- President: Juan Ángel Ruiz
- Vice president: Esther Bermejo
- Secretary general: Ángel Tuñón
- Founded: 25 September 2018
- Split from: Union, Progress and Democracy
- Headquarters: Segovia
- Political position: Centrism

= Centrados =

Centrados (literally "Centred" in plural) is a Spanish political party based in the province of Segovia in Castile and León. The localist party was founded in September 2018, splitting from the nationwide centrist party Union, Progress and Democracy (UPyD).

==History==
Centrados was founded in September 2018 as a split from the nationwide party Union, Progress and Democracy (UPyD) which was then in decline. The founding president of the party was Juan Ángel Ruiz, a deputy in the Provincial Deputation, and its vice president was Esther Bermejo, a member of Segovia City Council.

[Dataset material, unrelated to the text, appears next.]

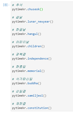 파이썬으로 공휴일 날짜 구하기 pytimekr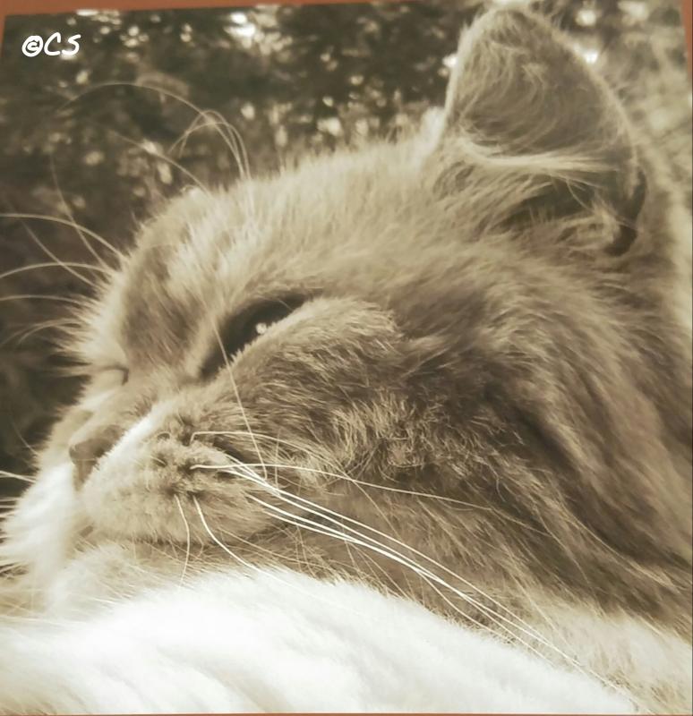 Apropos Palette: Mein Nikolausgeschenk war, uns Miez in Sepia abzuziehen. Das Bild vom Bild, das Ihr seht, ist leider unscharf....Aber ich bin begeistert davon, wie dieser schlichte Effekt Mimik und Fellstruktur unterstreicht, o h n e das Miez schwarz weiß und etwas " von gestern" aussieht ;).

In the 2019 local elections, thirteen Centrados members were elected to councils in the province. This made it the fourth-biggest party in town halls in the province, after the People's Party (615), the Spanish Socialist Workers' Party (385) and Citizens (38). In Cabañas de Polendos, Javier Gómez was elected mayor. However, it did not have any members elected to the Provincial Deputation or the City Hall of the provincial capital. In the 2023 elections, it dropped to two councillors.

The party has also contested unsuccessfully for seats in the Congress of Deputies, Senate, Cortes of Castile and León and the European Parliament. In the 2019 European Parliament election in Spain, it took part as part in Centrists for Europe, a localist coalition led by the Democratic Centre Coalition.